* Excerpted data:
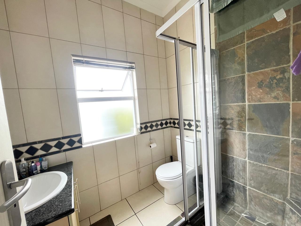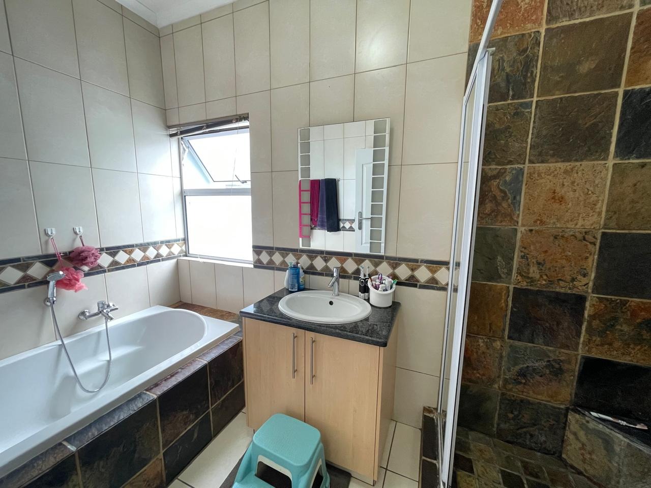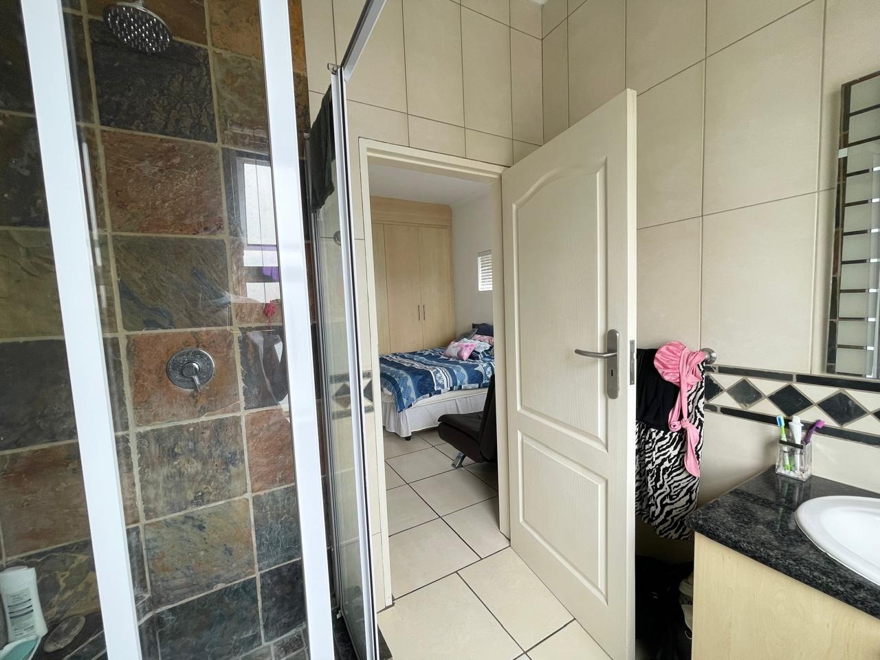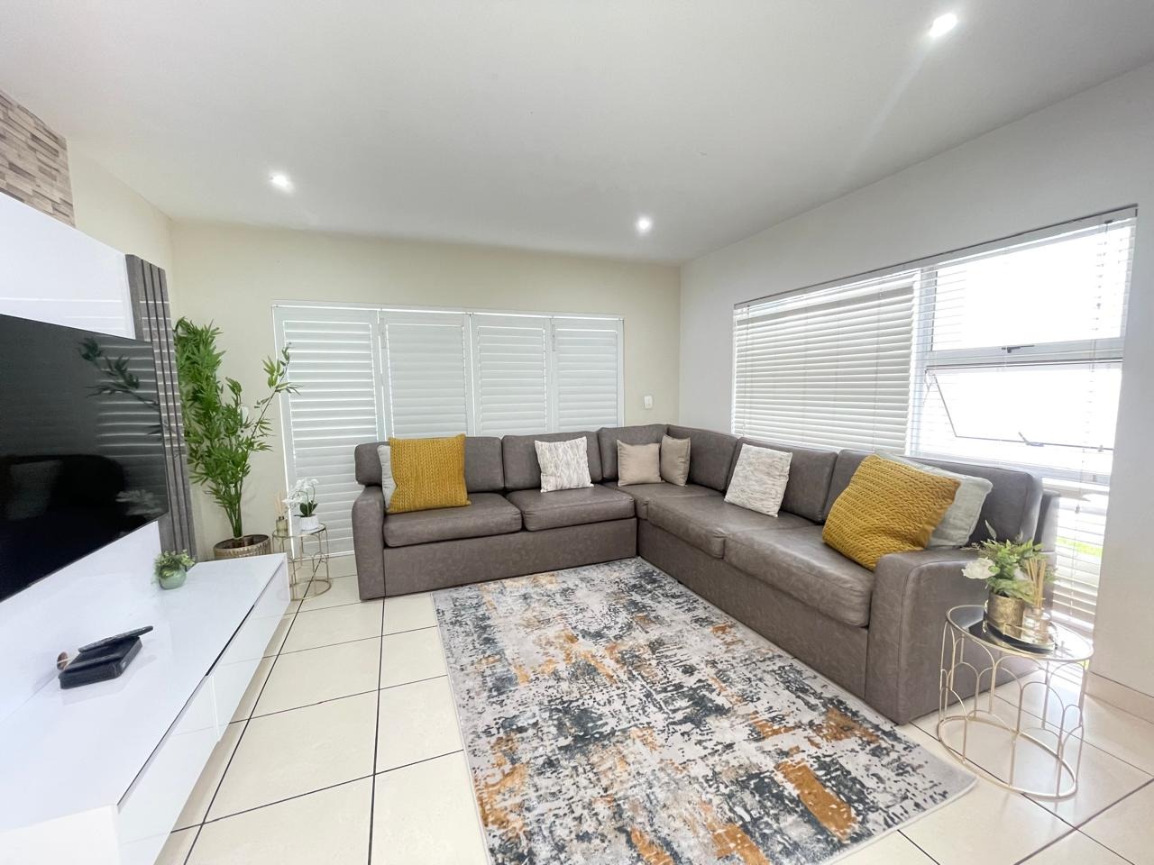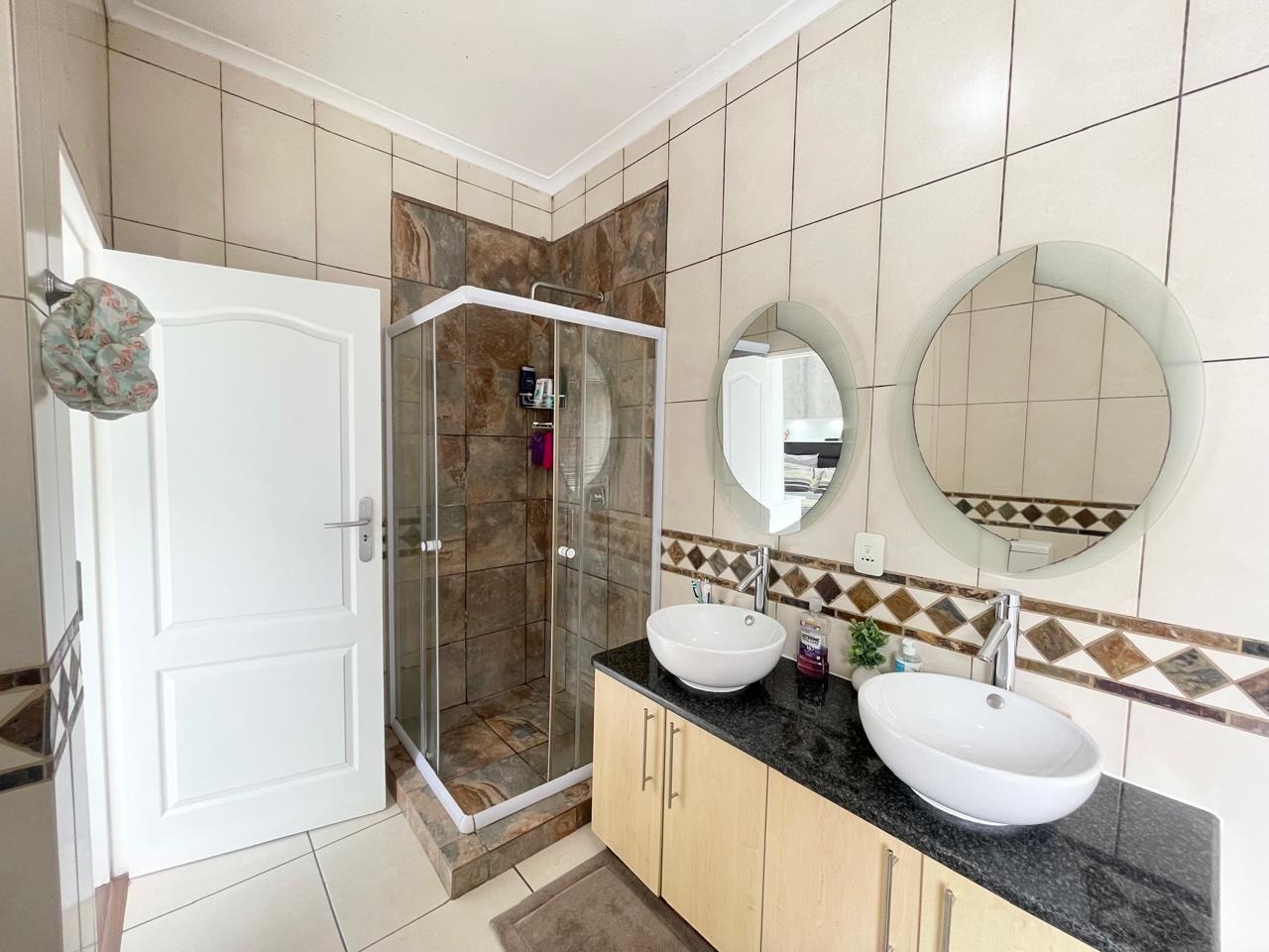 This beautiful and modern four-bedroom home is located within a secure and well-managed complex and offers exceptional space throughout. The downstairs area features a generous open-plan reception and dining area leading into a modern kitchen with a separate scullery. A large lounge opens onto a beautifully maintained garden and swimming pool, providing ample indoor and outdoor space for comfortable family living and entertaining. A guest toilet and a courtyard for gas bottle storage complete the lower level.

* * *

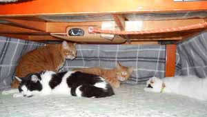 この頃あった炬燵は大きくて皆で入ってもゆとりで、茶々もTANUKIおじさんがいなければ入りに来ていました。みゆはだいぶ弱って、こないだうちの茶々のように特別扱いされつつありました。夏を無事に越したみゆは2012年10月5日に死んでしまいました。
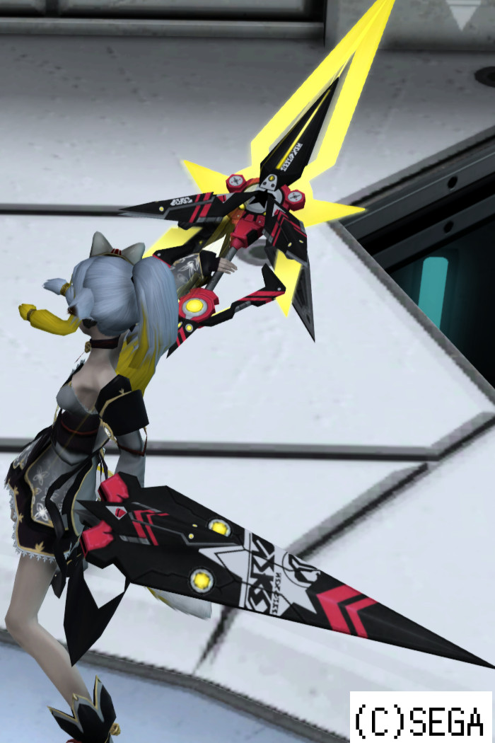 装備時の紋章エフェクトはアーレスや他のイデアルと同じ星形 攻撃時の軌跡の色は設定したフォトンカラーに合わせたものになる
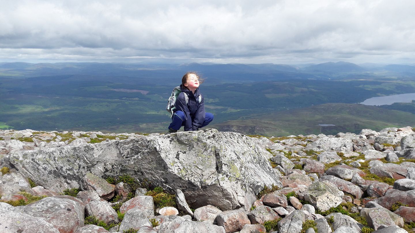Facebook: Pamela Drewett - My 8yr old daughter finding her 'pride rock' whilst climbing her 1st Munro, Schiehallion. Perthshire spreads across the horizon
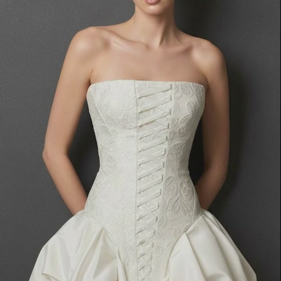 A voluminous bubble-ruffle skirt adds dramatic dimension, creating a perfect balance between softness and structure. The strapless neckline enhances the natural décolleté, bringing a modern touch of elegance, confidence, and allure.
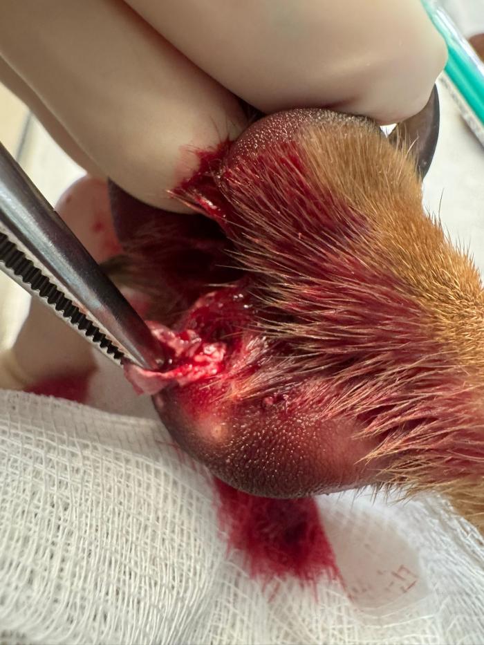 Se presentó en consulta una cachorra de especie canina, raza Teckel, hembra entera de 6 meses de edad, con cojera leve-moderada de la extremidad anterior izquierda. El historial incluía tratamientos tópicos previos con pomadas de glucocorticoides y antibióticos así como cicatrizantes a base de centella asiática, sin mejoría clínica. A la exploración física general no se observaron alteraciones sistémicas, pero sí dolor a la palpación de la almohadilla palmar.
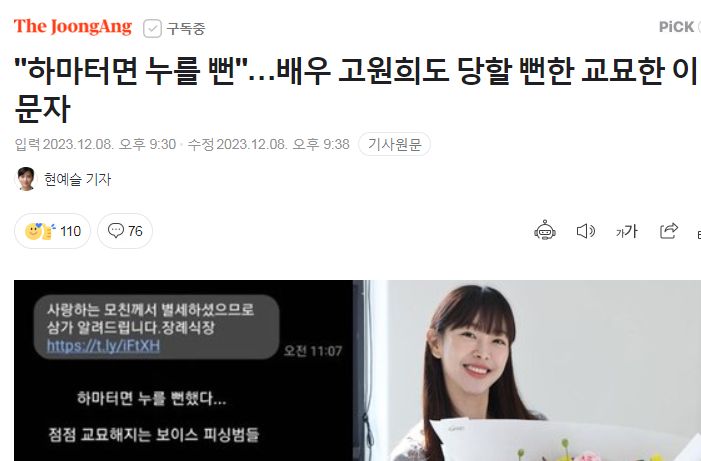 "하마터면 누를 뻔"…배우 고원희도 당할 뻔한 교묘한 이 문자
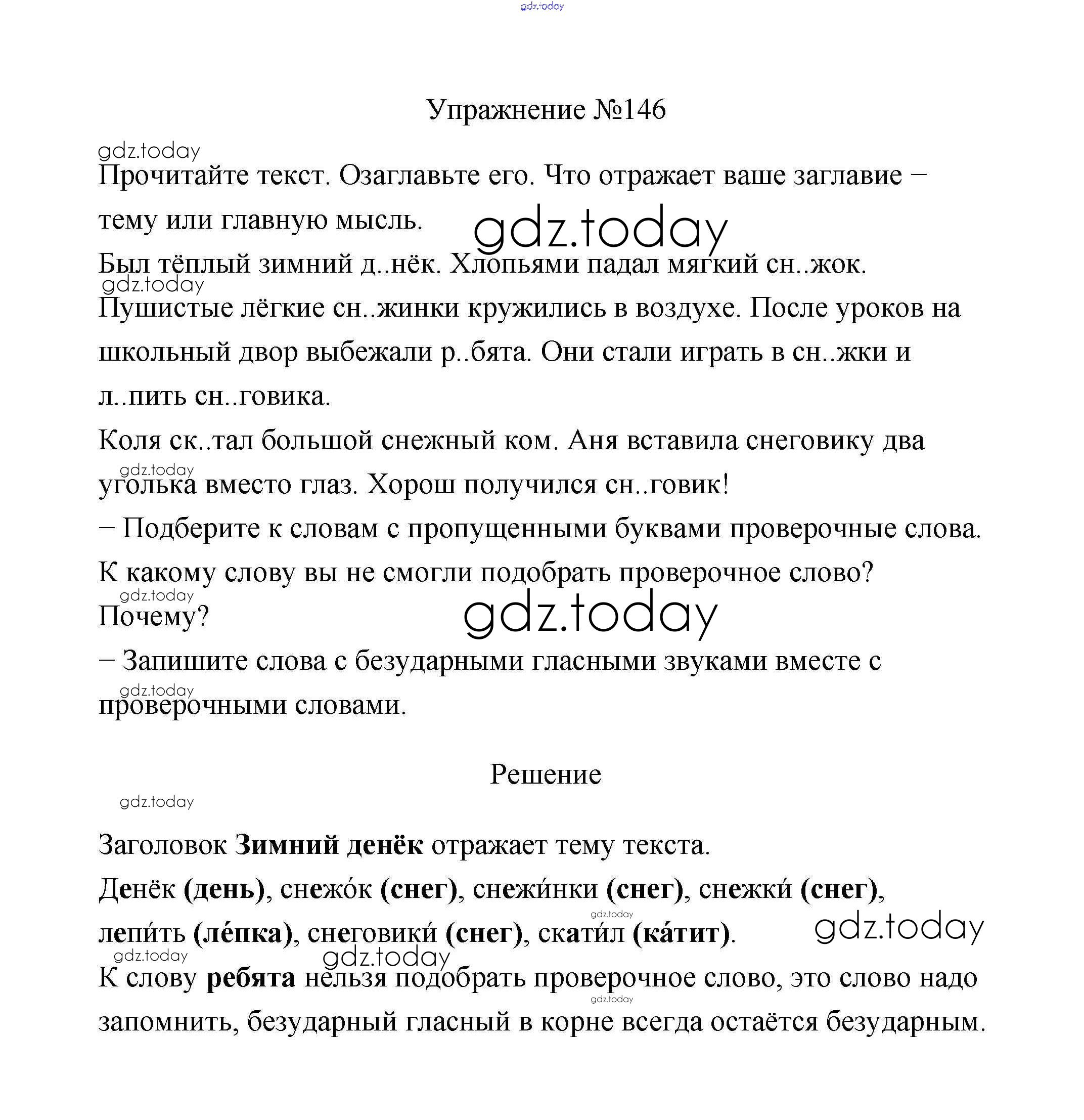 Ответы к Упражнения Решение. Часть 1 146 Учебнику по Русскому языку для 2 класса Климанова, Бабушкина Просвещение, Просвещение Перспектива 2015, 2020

* Directions for this task:
Please transcribe exactly the part of the records that opens with the line containing "装備時の紋章エフェクトはアー" and closes with the line containing "A voluminous bubble-ruffle", both ends included, and leave out the pictures.

* Exercise response:
 装備時の紋章エフェクトはアーレスや他のイデアルと同じ星形 攻撃時の軌跡の色は設定したフォトンカラーに合わせたものになる
Facebook: Pamela Drewett - My 8yr old daughter finding her 'pride rock' whilst climbing her 1st Munro, Schiehallion. Perthshire spreads across the horizon
 A voluminous bubble-ruffle skirt adds dramatic dimension, creating a perfect balance between softness and structure. The strapless neckline enhances the natural décolleté, bringing a modern touch of elegance, confidence, and allure.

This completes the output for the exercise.